Story posted June 30, 2010
They might have been glued to the television with their friends all month, or actually sitting in a stadium watching international soccer, but five talented, young South African scholars made the tough choice to forego the World Cup games—being played for the first time ever on African soil—in order to come to Bowdoin as Mellon Mays Undergraduate Fellows.
The research program includes a challenging array of workshops, lectures, seminars and public service activities designed to introduce the fellows—including a complement of five Bowdoin students—to the rigors of research, encouraging them to pursue graduates studies leading to Ph.Ds.
Several of the South African students, all of whom attend University of the Witwatersrand in Johannesburg, took a moment to reflect on the question:
"What does the World Cup mean to you?"
The World Cup being in Africa for the first time means Africa being given a chance to shine in their own backyard and with their fans chanting for them. It also means a great opportunity for people who love soccer who can't afford to go to stadiums. The tickets were much cheaper for locals.
My dad bought me a ticket for the opening game and the final game. He didn't know I was going to come to the States, so I missed out, but I'll catch the finals. It was a hard choice, but coming here was for the good. This is my first time in the States, my first time out of the country.
I bet with my friend that we reach the semi-finals, so I already lost my bet. No money, just a friendly game. For the whole week I'll be buying him lunch back home.
Matsie Mabeta, Witwatersrand program coordinator
When it was first mentioned that South Africa will be hosting we were all excited because of more jobs for jobless people, we thought of really making history because the World Cup has never been hosted anywhere in Africa.
Once the World Cup is over it's going to be back to normal, there won't be any more jobs. Wherever a stadium was built, the people from the area were benefitting. Those stadiums will be there and there won't be any more money coming in. Apparently, for local clubs to use those stadiums, some large amounts are expected from them, something that most of the clubs can't afford.
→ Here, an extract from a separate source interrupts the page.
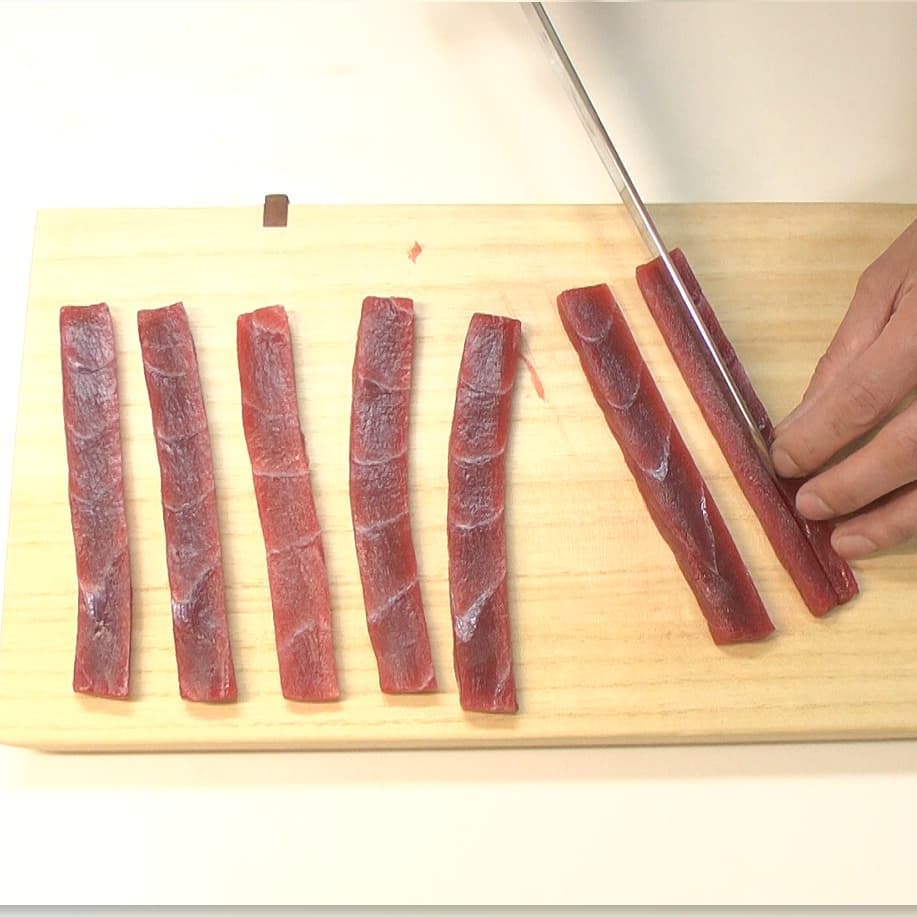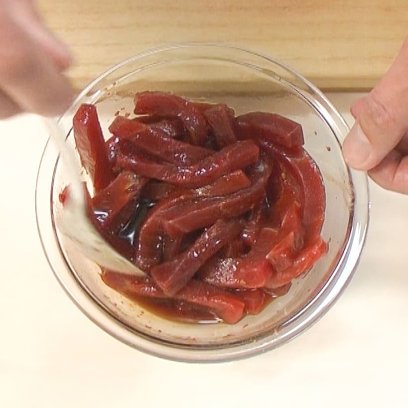④マグロを細長く切ったら、たれに馴染ませる

But the World Cup brought people together, I wonder if you've seen the pictures. Everywhere around, in communities we're all together. That's the most important thing.
The only interest I have in the World Cup is watching social relations, how people are behaving. Unfortunately, I can't do that very well from here except watch the Fellows and the Bowdoin students who we live with.
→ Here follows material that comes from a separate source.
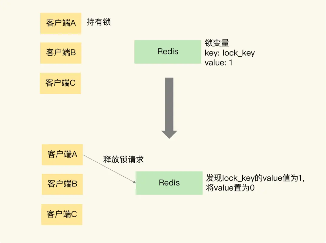 和单机上的锁类似,分布式锁同样可以用一个变量来实现。客户端加锁和释放锁的操作逻辑,也和单机上的加锁和释放锁操作逻辑一致:加锁时同样需要判断锁变量的值,根据锁变量值来判断能否加锁成功;释放锁时需要把锁变量值设置为 0,表明客户端不再持有锁。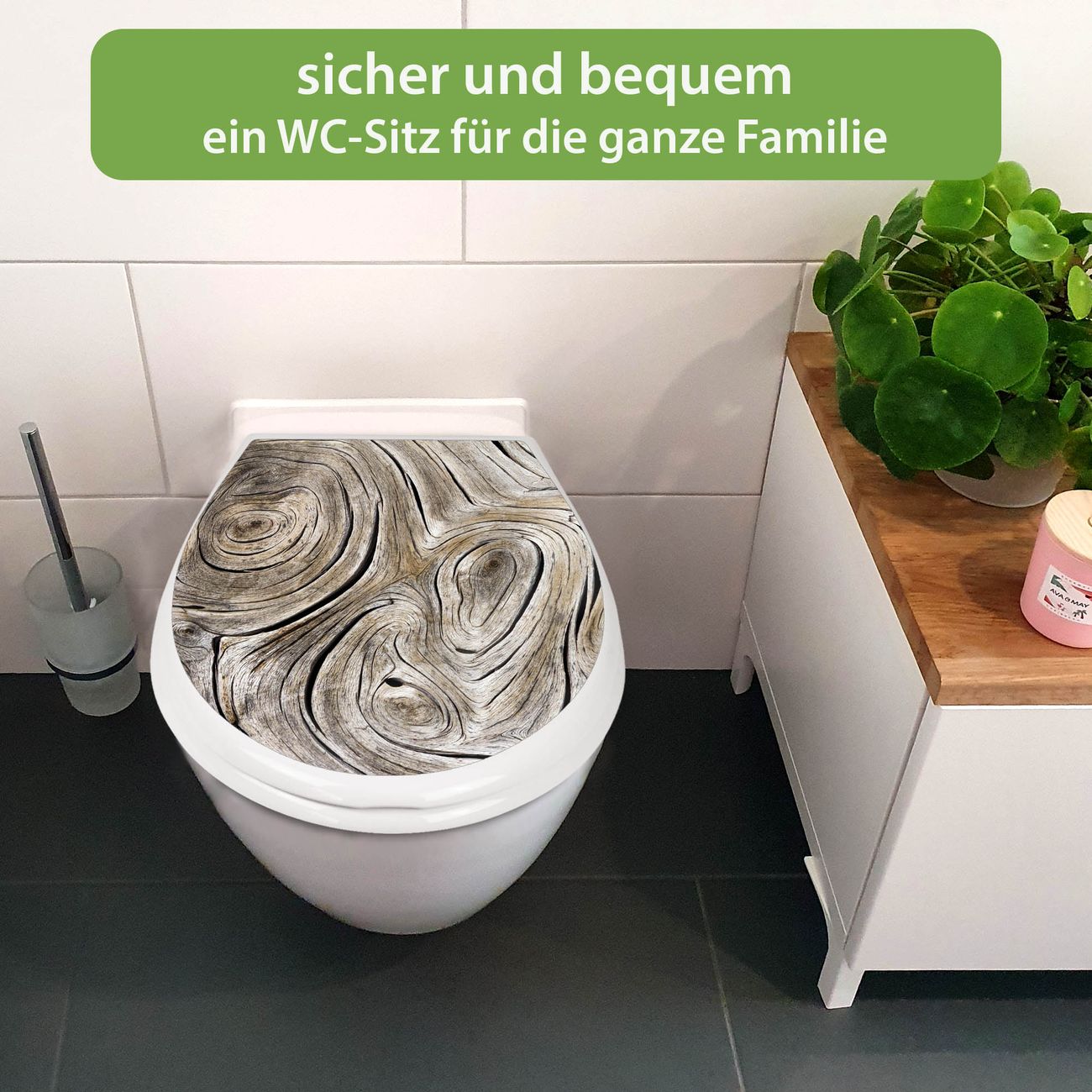 FUNKTION:Mit dem banjado Familien WC Sitz mit Absenkautomatik und dem Motiv Motiv Holzwirbel verbinden Sie Design mit Funktionalität. Sie erhalten den Toilettendeckel in bewährt guter Qualität mit Montagematerial passend auf alle Euro-WC-Becken. Die Gesamtgröße beträgt 37,1cm x 44,9cm x 5cm, die Grundfarbe ist weiß.</p> DESIGN:Der Klodeckel in weiß mit Motiv Motiv Holzwirbel hat eine ansprechende Optik, eine besondere Form und ist sehr stabil. Das Motiv besteht aus einer farbbrillianten Motivfolie, die durch ein Schutzlaminat zusätzlich vor Kratzern schützt. Der integrierte Kindersitz fügt sich harmonisch ein. DETAILS:Der Toilettensitz mit Soft Close besteht aus hochwertigem Polypropylen, ist geruchlos, ungiftig und kann mit handelsüblicher Seife gereinigt werden. Die Montage kann von von oben oder von unten erfolgen und ist kinderleicht. NUTZEN:Mit Hilfe der detaillierten Aufbauanleitung ermöglichen wir eine schnelle und unkomplizierte Montage. Die banjado Klobrille ist universell geeignet für alle Euro-WC-Schüsseln. Der Kindersitz kann unkompliziert entfernt werden. BANJADO:Ihr WC-Deckel wird in Sachsen in einer kleinen Manufaktur von Hand veredelt. Die Motivfolie ist lösungsmittelfrei und schutzlaminiert für einen langen Halt. Wir wünschen viel Freude bei der Auswahl eines schönen Motivs.

I also had a ticket for some games and my interest was primarily to go as an observer, to witness the moment. I would like to go with an open mind, not necessarily with certain objectives or point of view. Rather, like observing people in a line during an election, trying to understand a process that is unfolding at a particular time for South Africans.
For me it means a lot, given my background. I come from the Township of Tembisa and I stay next to the stadium, so being able to see that a city that is not in good condition being improved meant a lot to me. The stadium is just across the road. There are lots of people but I don't consider it noise: I consider it celebration, in African spirit.
Even though some people complain about the stadium not being affordable later, I believe that there will be a way later in which people who have money and those who want to use it can negotiate. Overall now, we have a better infrastructure because they were investing in the World Cup.
Even before I left, I went to one international game being played, Nigeria against Japan. It was nice to come and sit there and watch the game along with my fellow people from around Tembisa. For the mere fact that we got the tickets for free, because it was a friendly game. We got to see an international game and you don't get that opportunity often.